The unsupervised clustering produced two strikingly different groups of patients, who were not clearly distinguishable by many clinical variables such as the presence of lymph node metastases or recurrence status. Gene expression showed large differences between the two groups (Table S3c) with highly significant overlaps in all datasets (Table S5), allowing a robust identification of cluster membership by a 19-gene signature (Table S7). Lindgren et al. (9) similarly identified two distinct molecular subtypes (denoted as MS1 and MS2) by analyzing 144 tumor samples obtained by transurethral bladder biopsy, representing a wide range of tumor stage and grade. Their investigation, which included whole genome and specific mutational analyses, identified a greater number of genomic alterations in the MS2 group, containing nearly all of the MI samples. The genomic instability in the MS2 group was also associated with expression of genes involved in cell-cycle pathways and cellular transformation (9), all indicative of more aggressive behavior and worse prognosis. Consistent with their results, we found a progression from MS1 to MS2 to be more likely than a progression from MS2 to MS1 when analyzing 23 recurrent tissue samples from Kim et al. (13). While only stage had a significant association with subtype, other covariates not available in this study, for example response to treatments, could be tested for association in prospective data. Not surprisingly, survival signatures often showed very different prediction accuracies in the two subtypes. This heterogeneity of bladder cancer tumors thus points to the necessity of large training data to establish robust signatures. Interestingly, from all 49 considered previously published signatures, a breast cancer progression signature (30) showed the highest association with overall survival in the MS2 group of our patient cohort (Figure S7a). This finding suggests that optimizing thoroughly validated signatures designed for other solid tumors might yield more robust signatures than developing new signatures from scratch, in particular when only small training datasets are available. The identification of different molecular signatures for subtype suggests that these subtypes, which are strongly associated with invasion status, may be a building block for future work to non-invasively determine the aggressiveness of tumors; for example, these changes in expression may be detectable in urine.
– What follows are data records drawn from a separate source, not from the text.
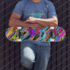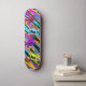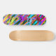 Cute multi-coloured skulls and hearts are set on a colourful background. This bright skull design will be one wild skateboard!
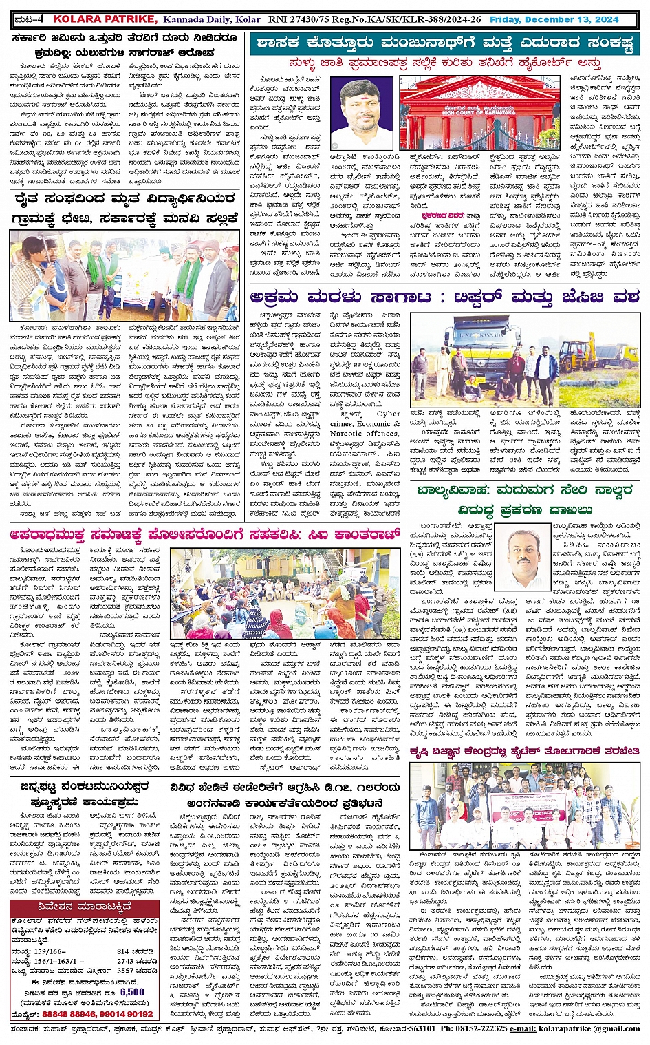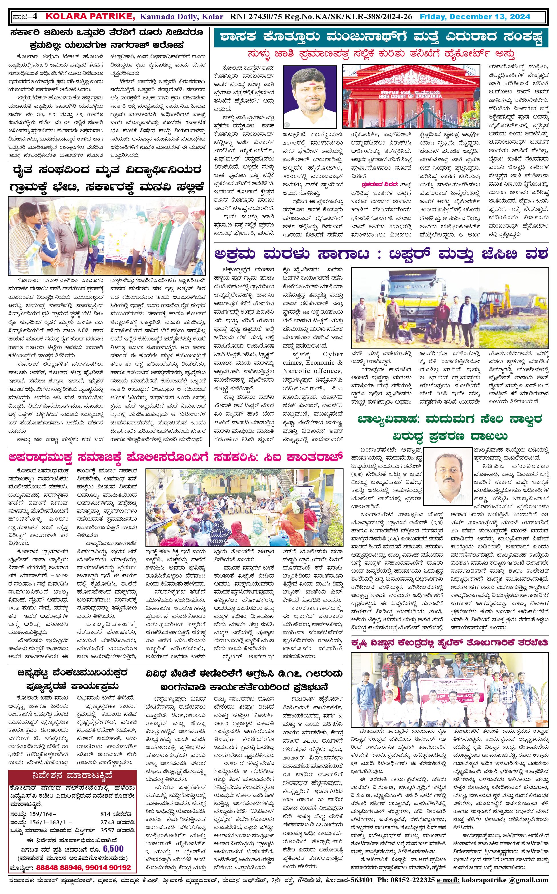 13 ಡಿಸೆಂಬರ್ 2024 Page: 4 December 13, 2024 << First << 4 >> Last >> Page 1Page 2Page 3Page 4 × 13 ಡಿಸೆಂಬರ್ 2024 page-1page-2page-3page-4 << First << 4 >> Last >> page-1page-2page-3page-4 page-4
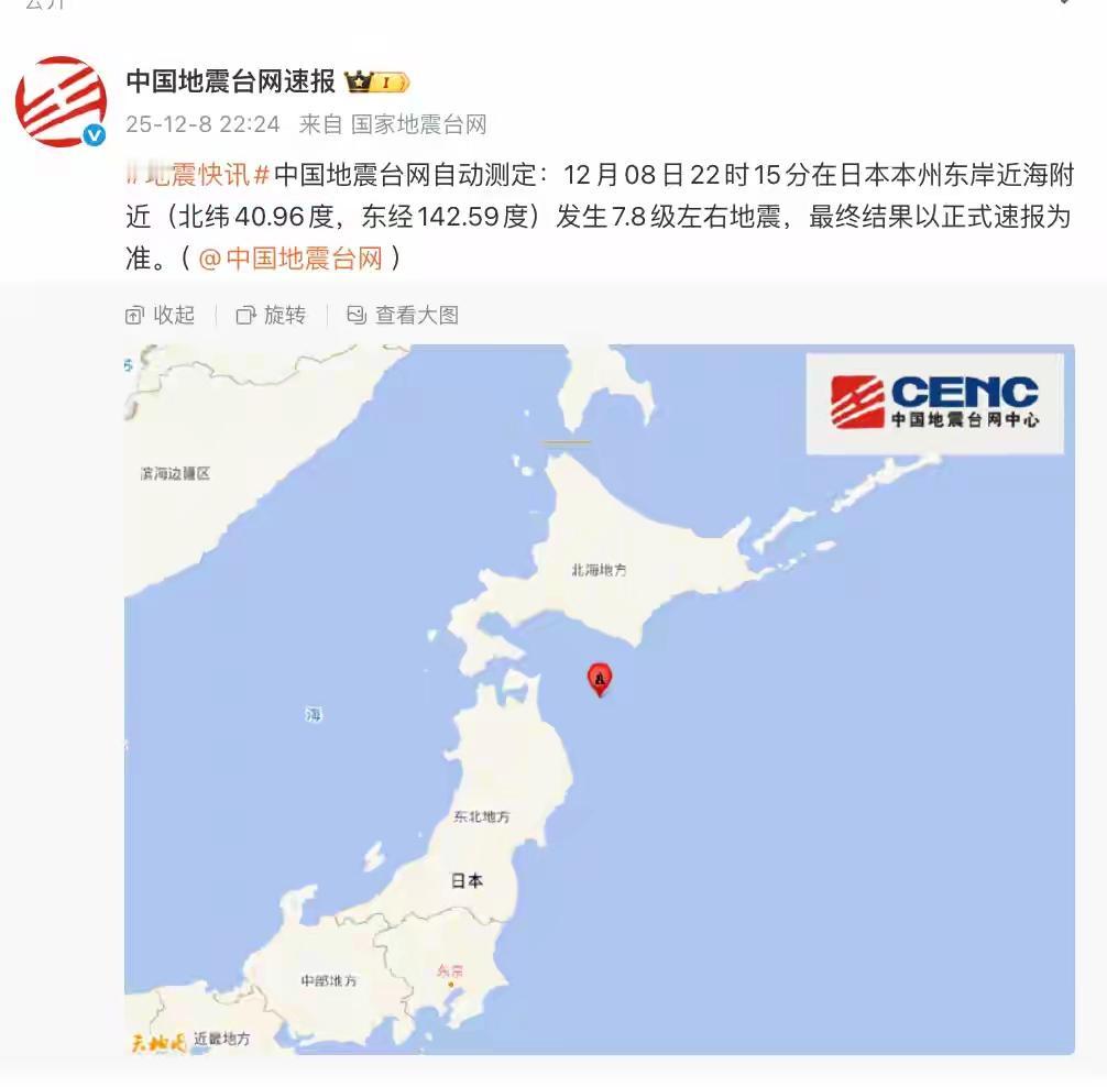 日本气象厅:预计部分海域将出现最高3米海啸,呼吁沿岸民众高度警戒。 日本气象厅当地时间12月8日23时23分发布海啸警报,预计部分海域将出现最高3米海啸,呼吁沿岸民众高度警戒。(CCTV国际时讯)

Our dataset represents a high-risk population of bladder cancer patients who underwent RC at a high-volume academic center. The sample size is large for a single-center report of microarray analysis and comprises, to our knowledge, the largest number of high-risk bladder cancer patients of all published microarray datasets. One limitation of our findings is, however, a possible element of overfitting, resulting from the use of the same data in testing and validation steps, although this concern is mitigated through the use of statistical methods such as cross-validation. This points to the imperative for validation in independent data of any gene signature associated with survival. Such a validation is necessary because signatures established from single, moderately sized datasets often perform poorly in external data due to the relatively high probability that genes correlate with survival by chance. However, extending the sample size with independent data, as performed here, can minimize this problem. For example, a gene found to be predictive in one dataset could arise due to chance, but if one gene is predictive with consistent expression in multiple datasets, it is more likely to be a robust survival marker.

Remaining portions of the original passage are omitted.